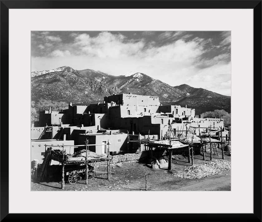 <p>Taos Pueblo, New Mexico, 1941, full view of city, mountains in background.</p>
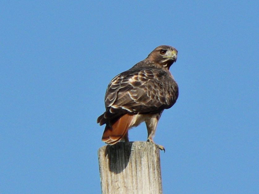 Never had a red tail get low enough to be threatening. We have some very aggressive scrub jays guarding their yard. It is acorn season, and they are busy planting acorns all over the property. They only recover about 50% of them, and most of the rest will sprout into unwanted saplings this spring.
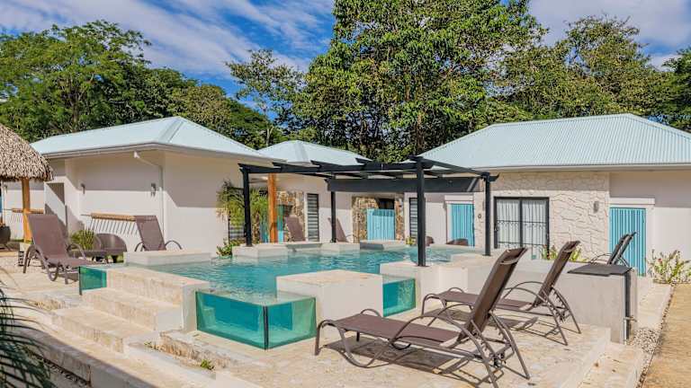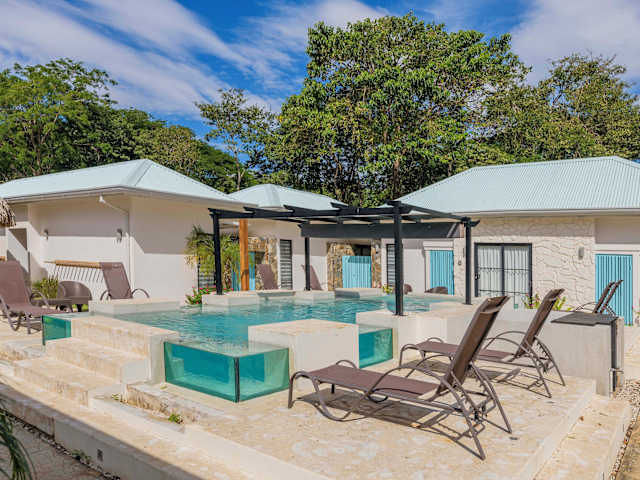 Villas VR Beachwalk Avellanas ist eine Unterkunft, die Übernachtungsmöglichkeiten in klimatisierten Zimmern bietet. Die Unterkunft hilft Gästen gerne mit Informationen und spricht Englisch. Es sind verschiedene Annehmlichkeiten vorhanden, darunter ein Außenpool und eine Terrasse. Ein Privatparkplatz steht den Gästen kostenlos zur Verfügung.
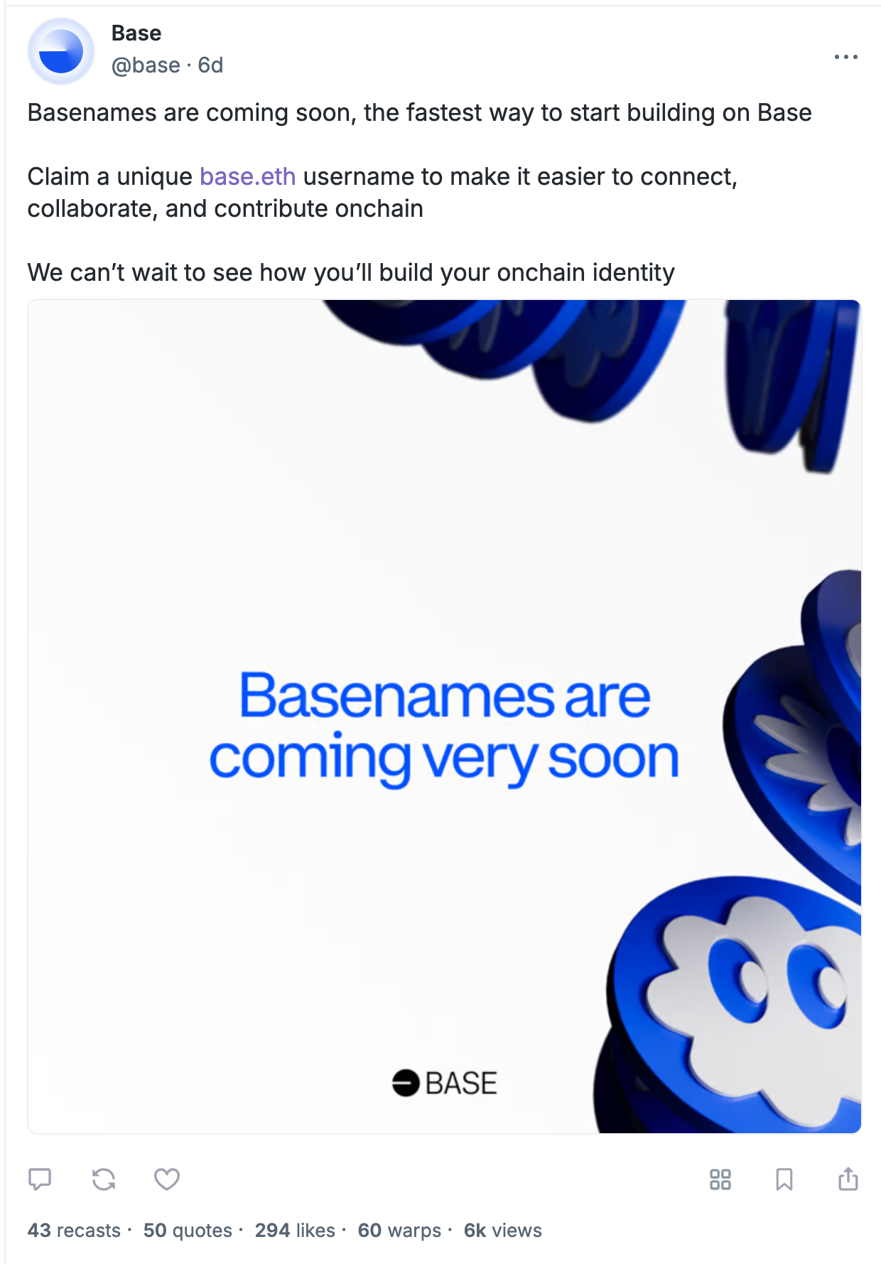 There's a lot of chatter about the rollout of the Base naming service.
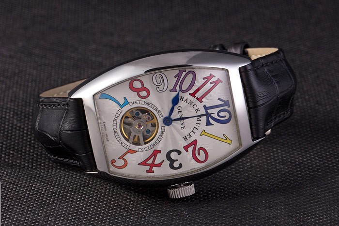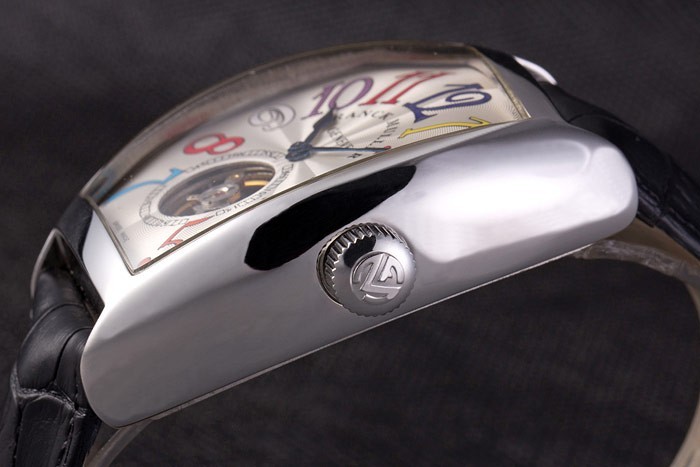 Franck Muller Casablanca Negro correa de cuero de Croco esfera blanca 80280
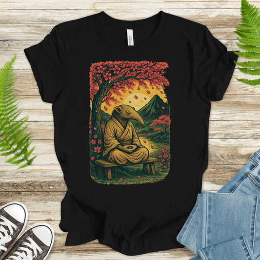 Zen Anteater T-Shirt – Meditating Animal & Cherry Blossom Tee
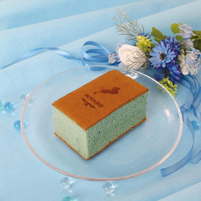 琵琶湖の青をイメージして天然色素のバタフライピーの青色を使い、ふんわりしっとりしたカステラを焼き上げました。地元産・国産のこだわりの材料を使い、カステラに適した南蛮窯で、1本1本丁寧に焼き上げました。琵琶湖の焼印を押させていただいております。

____

Your task is to set down exactly the lines that run from the line holding "There's a lot" through the close of the entries, including both ends. Pictures stay out.

 There's a lot of chatter about the rollout of the Base naming service.
 Franck Muller Casablanca Negro correa de cuero de Croco esfera blanca 80280
 Zen Anteater T-Shirt – Meditating Animal & Cherry Blossom Tee
 琵琶湖の青をイメージして天然色素のバタフライピーの青色を使い、ふんわりしっとりしたカステラを焼き上げました。地元産・国産のこだわりの材料を使い、カステラに適した南蛮窯で、1本1本丁寧に焼き上げました。琵琶湖の焼印を押させていただいております。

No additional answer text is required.